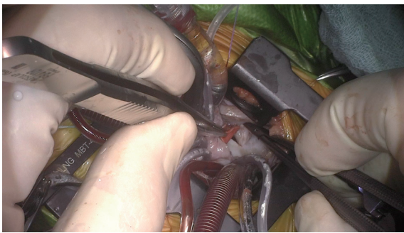
Figure 6 Intra-operative picture for a Ventricular Septal Defect repair using a Dacron patch, showing anchoring of the patch on the inferior defect border after detachment of the anterior leaflet of the tricuspid valve.

ventricular dysfunction have been achieved with induced VF times of up to 45 minutes.
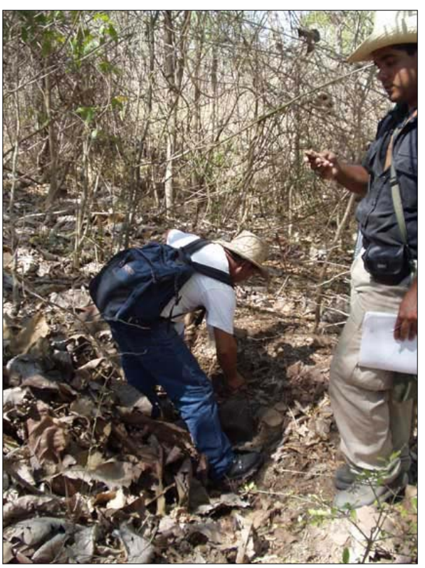
LAS MARIAS SITE. A looters pit on a terrace in an area concealed by scrub.
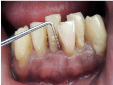
Figure 1: Preoperative view

The procedure is associated with a number of limitations like relying on patient's motivation and maintenance of oral hygiene, limited functional efficiency, irritation to the tongue and chances of splint breakage. Presence of mal-aligned or pathologically migrated teeth especially if more than one, sometimes poses a problem in placement of these pontics due to limited space to accommodate them. The major limitation anticipated in this treatment was of functional efficacy; hence, a more permanent solution must be offered to the patient.
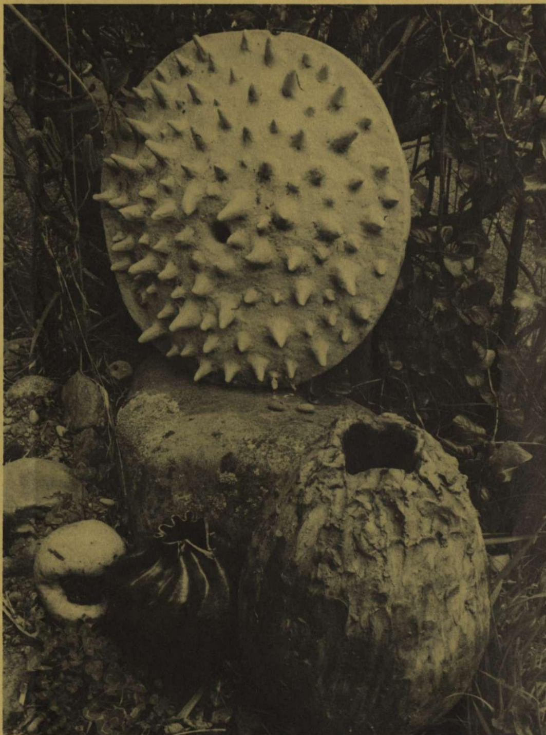
A cluster of pots in the Brokenshire garden

He used to work out thoroughly in drawings what he was going to do but found that this compressed his ideas too much. Now he does just a few sketches and allows the clay to work its own way out. He has often worked in series producing groups of similar objects. A group of small heads set in a triangular pattern create a fierce atmosphere where singly they are quiet and harmless. Clusters of pots and sculptures around the garden look far more at home than in any gallery. Many are filled with water to give an idea of coolness in the summer.

▶ [Your goal]
Copy the whole listing above word for word but do not carry over the pictures.

▶ [Response to this exercise]
Figure 6 Intra-operative picture for a Ventricular Septal Defect repair using a Dacron patch, showing anchoring of the patch on the inferior defect border after detachment of the anterior leaflet of the tricuspid valve.

ventricular dysfunction have been achieved with induced VF times of up to 45 minutes.
LAS MARIAS SITE. A looters pit on a terrace in an area concealed by scrub.
Figure 1: Preoperative view

The procedure is associated with a number of limitations like relying on patient's motivation and maintenance of oral hygiene, limited functional efficiency, irritation to the tongue and chances of splint breakage. Presence of mal-aligned or pathologically migrated teeth especially if more than one, sometimes poses a problem in placement of these pontics due to limited space to accommodate them. The major limitation anticipated in this treatment was of functional efficacy; hence, a more permanent solution must be offered to the patient.
A cluster of pots in the Brokenshire garden

He used to work out thoroughly in drawings what he was going to do but found that this compressed his ideas too much. Now he does just a few sketches and allows the clay to work its own way out. He has often worked in series producing groups of similar objects. A group of small heads set in a triangular pattern create a fierce atmosphere where singly they are quiet and harmless. Clusters of pots and sculptures around the garden look far more at home than in any gallery. Many are filled with water to give an idea of coolness in the summer.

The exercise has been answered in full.